*** Opening Data supplied ***

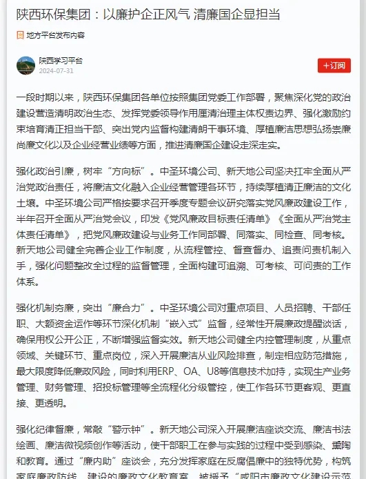 近日,學(xué)習(xí)強(qiáng)國、省國資委官網(wǎng)等平臺(tái)對(duì)陜西環(huán)保集團(tuán)清廉國企建設(shè)等情況進(jìn)行了報(bào)道?,F(xiàn)刊載如下,以饗讀者。
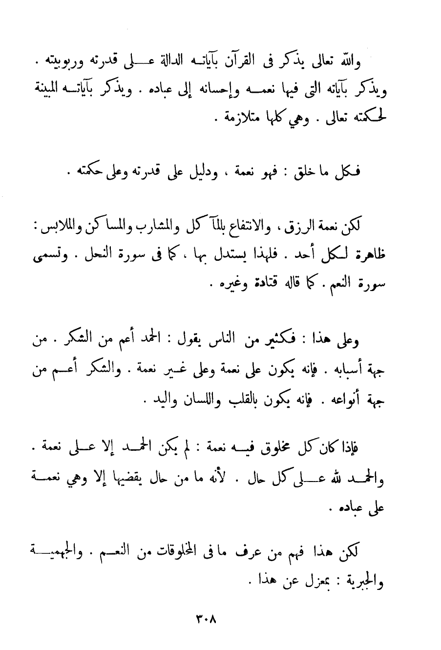 وَاَللَّهُ تَعَالَى يُذَكِّرُ فِي الْقُرْآنِ بِآيَاتِهِ الدَّالَّةِ عَلَى قُدْرَتِهِ وَرُبُوبِيَّتِهِ. وَيُذَكِّرُ بِآيَاتِهِ الَّتِي فِيهَا نِعَمُهُ وَإِحْسَانُهُ إلَى عِبَادِهِ. وَيُذَكِّرُ بِآيَاتِهِ الْمُبَيِّنَةِ لِحِكْمَتِهِ تَعَالَى. وَهِيَ كُلُّهَا مُتَلَازِمَةٌ. فَكُلُّ مَا خَلَقَ: فَهُوَ نِعْمَةٌ وَدَلِيلٌ عَلَى قُدْرَتِهِ وَعَلَى حِكْمَتِهِ. لَكِنْ نِعْمَةُ الرِّزْقِ وَالِانْتِفَاعِ بِالْمَآكِلِ وَالْمَشَارِبِ وَالْمَسَاكِنِ وَالْمَلَابِسِ: ظَاهِرَةٌ لِكُلِّ أَحَدٍ. فَلِهَذَا يُسْتَدَلُّ بِهَا كَمَا فِي سُورَةِ النَّحْلِ. وَتُسَمَّى سُورَةَ النِّعَمِ. كَمَا قَالَهُ قتادة وَغَيْرُهُ. وَعَلَى هَذَا: فَكَثِيرٌ مِنْ النَّاسِ يَقُولُ: الْحَمْدُ أَعَمُّ مِنْ الشُّكْرِ. مِنْ جِهَةِ أَسْبَابِهِ. فَإِنَّهُ يَكُونُ عَلَى نِعْمَةٍ وَعَلَى غَيْرِ نِعْمَةٍ. وَالشُّكْرُ أَعَمُّ مِنْ جِهَةِ أَنْوَاعِهِ. فَإِنَّهُ يَكُونُ بِالْقَلْبِ وَاللِّسَانِ وَالْيَدِ. فَإِذَا كَانَ كُلُّ مَخْلُوقٍ فِيهِ نِعْمَةٌ: لَمْ يَكُنْ الْحَمْدُ إلَّا عَلَى نِعْمَةٍ. وَالْحَمْدُ لِلَّهِ عَلَى كُلِّ حَال. لِأَنَّهُ مَا مِنْ حَالٍ يَقْضِيهَا إلَّا وَهِيَ نِعْمَةٌ عَلَى عِبَادِهِ. لَكِنْ هَذَا فَهْمُ مَنْ عَرَفَ مَا فِي الْمَخْلُوقَاتِ مِنْ النِّعَمِ. وَالْجَهْمِيَّة وَالْجَبْرِيَّةُ: بِمَعْزِلِ عَنْ هَذَا.
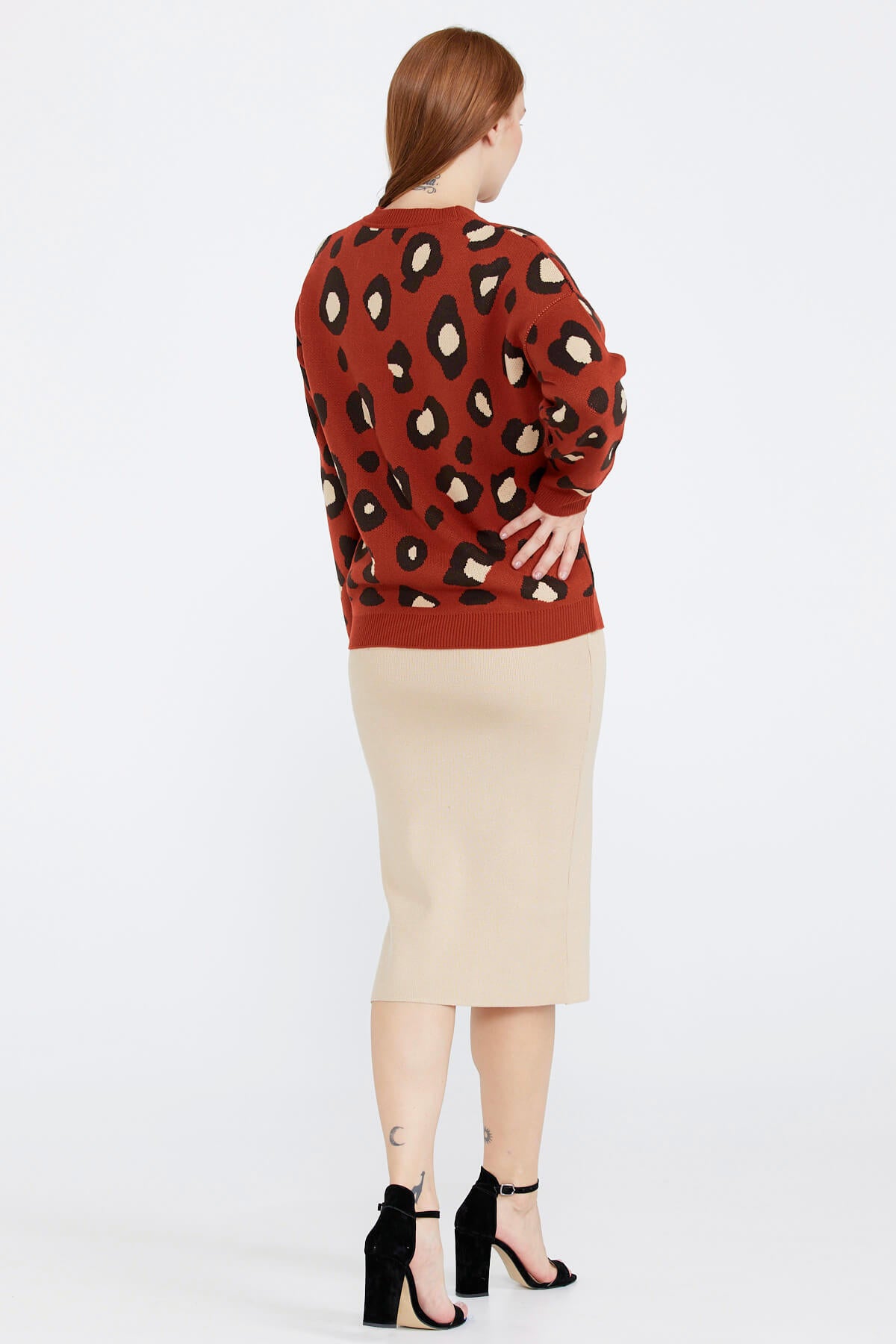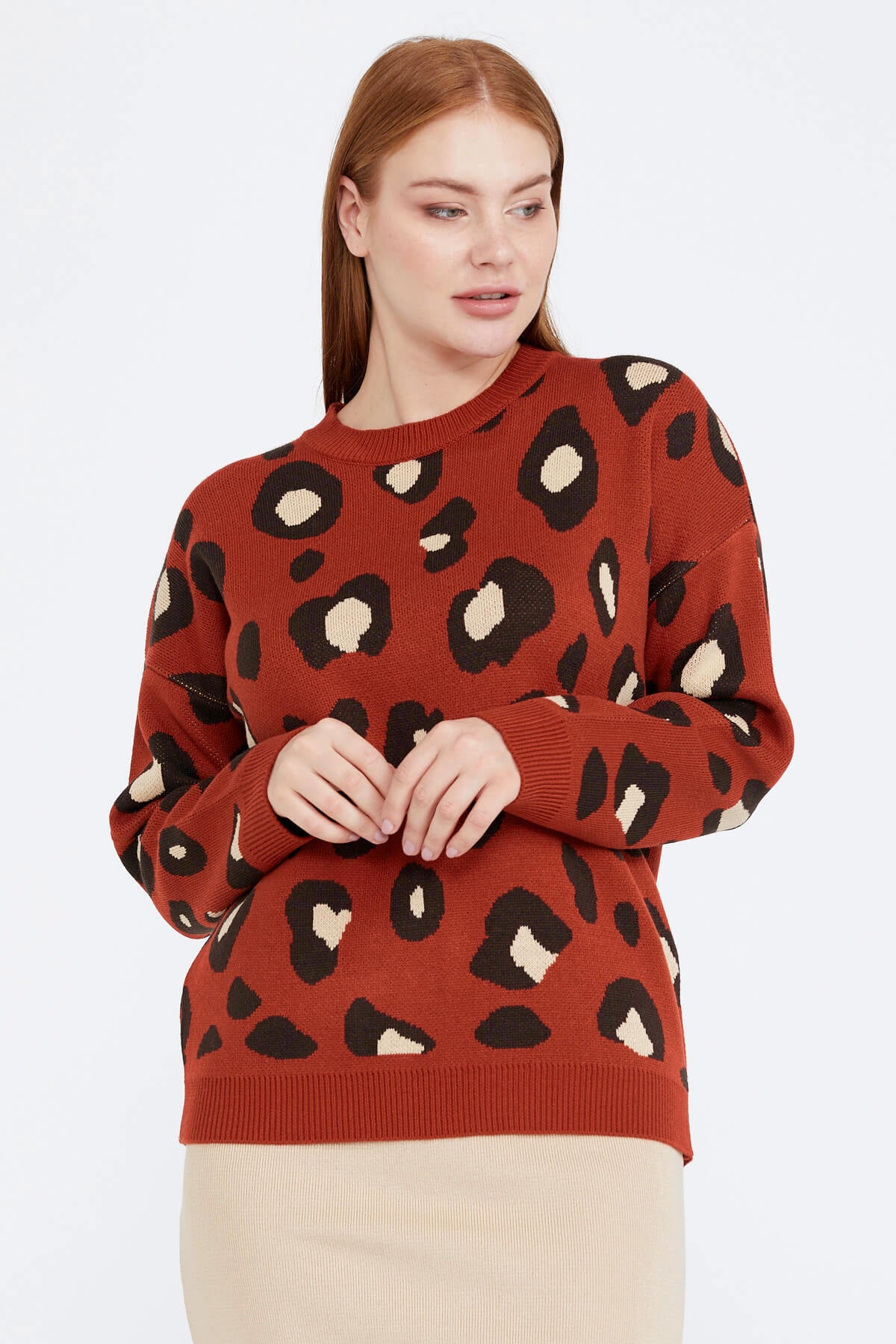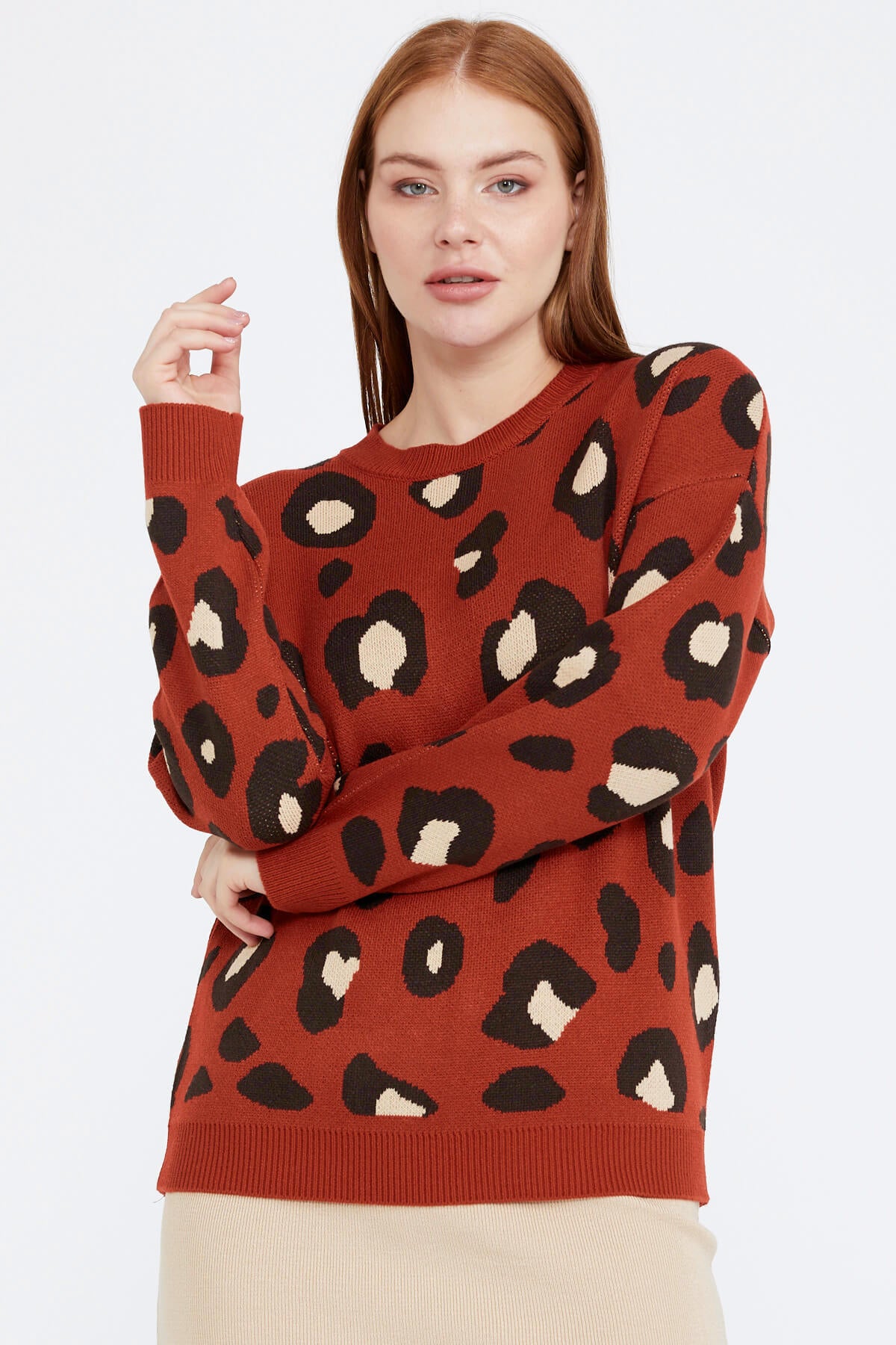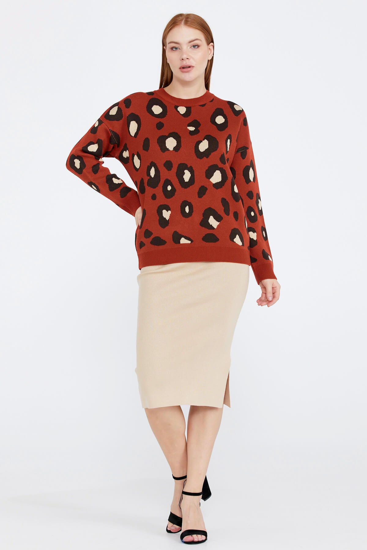 Women's Leopard Patterned Knitwear Sweater - Tan
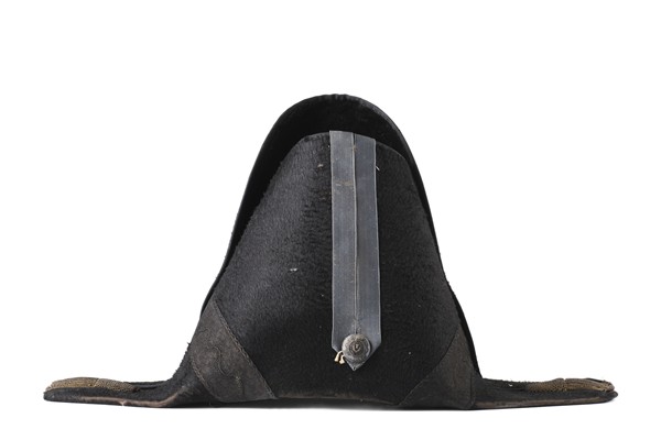 Feluca da Ufficiale delle Guardie Scozzesi in feltro con struttura in cartone pressato, interno rivestito in seta e pergamena. Bottone metallico con motto scozzese dell'Ordine del Cardo "Nemo me impune lacessit". Prima metà secolo XIX (cm 49x25) (difetti e mancanze)
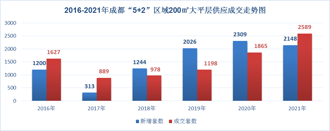 2016-2021年成都“5+2”区域200㎡大平层供应成交走势图
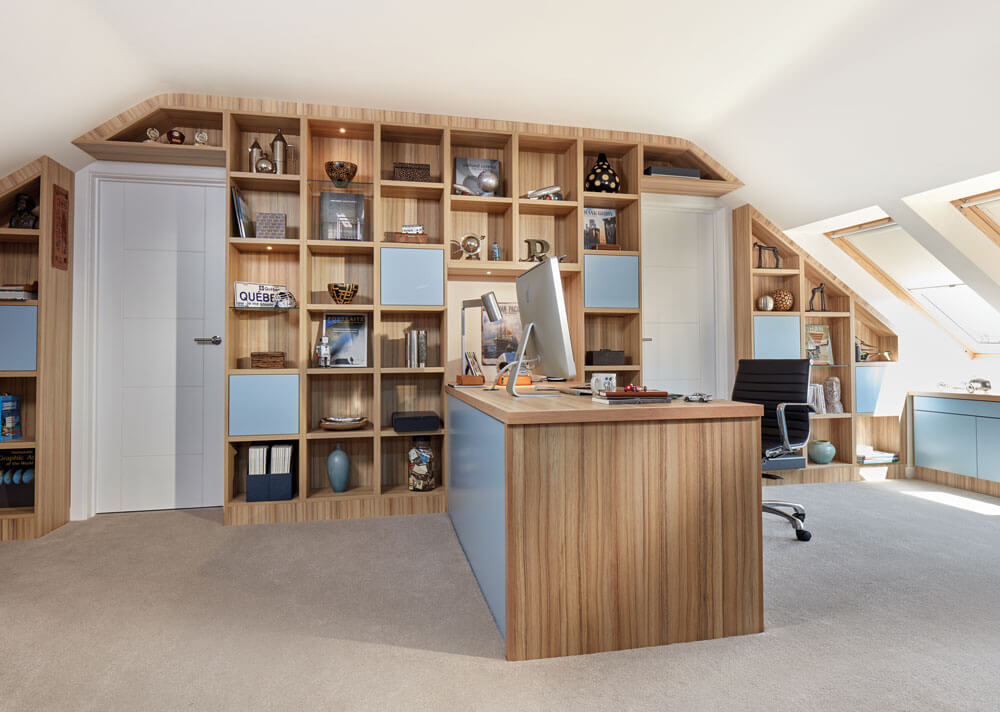 When working from home, you are less likely to be ruled by the clock – start times, lunchtimes, home times, meeting times. At home, you’ll be able to take proper breaks at times that feel natural to you. For example, you may work through the traditional lunchtime but take a break mid-afternoon to go for a swim, walk the dog, or pick up the kids. Stress levels drop when you’re working in a happy, focused and relaxed environment. This can be improved by the way your home office is arranged. A bespoke solution means you can design your cabinetry to meet your needs; it can be finished in a colour and texture of your choice, your desk could be positioned to face your favourite view, and you can opt to close it off at the end of the working day. All of these will help to enhance your wellbeing while you work.
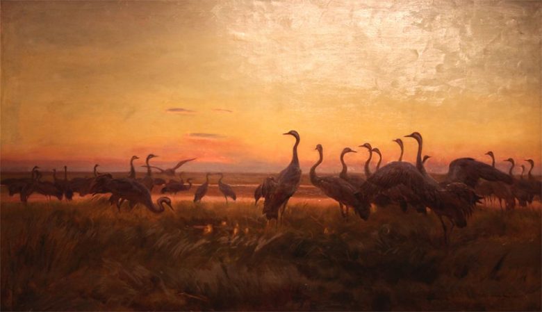 ilustr. Józef Chełmoński ” Powitanie słońca – Żurawie” 1910, olej, płótno, wymiary: 105 cm x 176 cm. Muzeum Sztuki w Łodzi – Pałac Herbsta.

*** Closing Data supplied ***

=== Task directions ===
Set the pictures aside and retype exactly the lines above from the line with "Feluca da Ufficiale" to the line with "When working from", both included, adding no others.

=== Answer section ===
 Feluca da Ufficiale delle Guardie Scozzesi in feltro con struttura in cartone pressato, interno rivestito in seta e pergamena. Bottone metallico con motto scozzese dell'Ordine del Cardo "Nemo me impune lacessit". Prima metà secolo XIX (cm 49x25) (difetti e mancanze)
 2016-2021年成都“5+2”区域200㎡大平层供应成交走势图
 When working from home, you are less likely to be ruled by the clock – start times, lunchtimes, home times, meeting times. At home, you’ll be able to take proper breaks at times that feel natural to you. For example, you may work through the traditional lunchtime but take a break mid-afternoon to go for a swim, walk the dog, or pick up the kids. Stress levels drop when you’re working in a happy, focused and relaxed environment. This can be improved by the way your home office is arranged. A bespoke solution means you can design your cabinetry to meet your needs; it can be finished in a colour and texture of your choice, your desk could be positioned to face your favourite view, and you can opt to close it off at the end of the working day. All of these will help to enhance your wellbeing while you work.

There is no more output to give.